Courtaulds
- Industry: Textiles, Chemicals
- Founded: 1794; 232 years ago
- Founder: George Courtauld
- Defunct: 2000 / 2006
- Fate: Acquired
- Successor: Sara Lee, Akzo Nobel
- Headquarters: Coventry
- Key people: George Courtauld Samuel Courtauld
- Products: Textiles, Chemicals
- Number of employees: 1000 (2006)
- Website: www.akzonobel.com

= Courtaulds =

British textile company

Courtaulds was a United Kingdom-based manufacturer of fabric, clothing, artificial fibres, and chemicals. At one point, it was the world's leading man-made fibre production company before being broken up in 1990 into Courtaulds plc and Courtaulds Textiles Ltd.

The company was established in 1794 as George Courtauld & Co by George Courtauld. By 1850, it employed over 2,000 people across three silk mill, and it continued to expand over time.
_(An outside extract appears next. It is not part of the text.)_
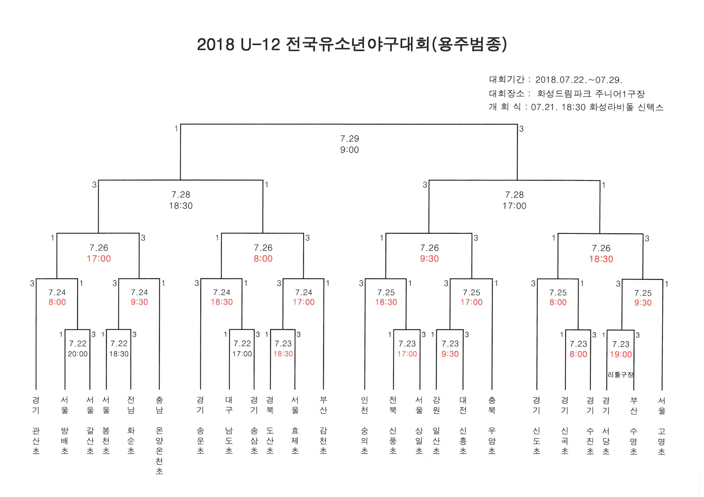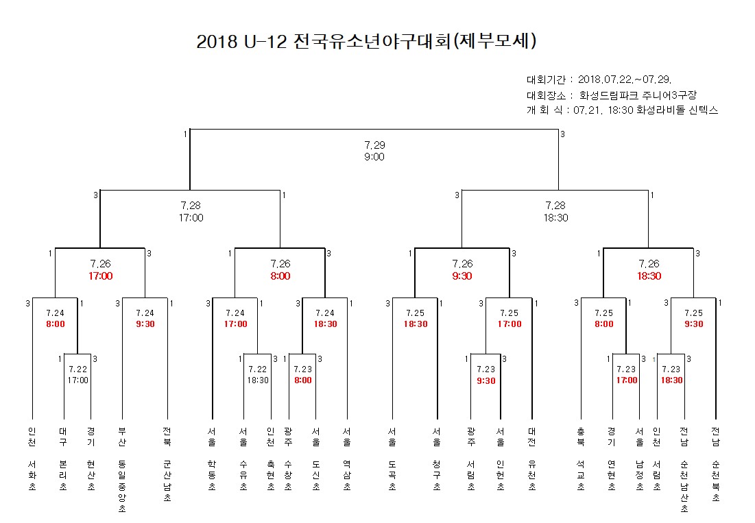 * 2018 U-12 전국유소년야구대회가 혹서기 폭염으로 인하여 경기시간이 재조정되었습니다.

In 1904, Courtaulds acquired the Cross and Bevan's patents to the viscose process for manufacturing artificial silk to reduce the company's dependence on natural silk; within the decade, it was producing man-made fibres in quantity. Courtaulds also entered the market of cellulosics (viscose and acetate) in North America with the setting up of the American Viscose Corporation (AVC) in 1909. During the interwar period, the firm expanded its cellulosics business through various means, which included the founding of British Cellophane in 1935. By the end of the Second World War, Courtaulds was one of the four groups which dominated the man-made fibre industry in Europe.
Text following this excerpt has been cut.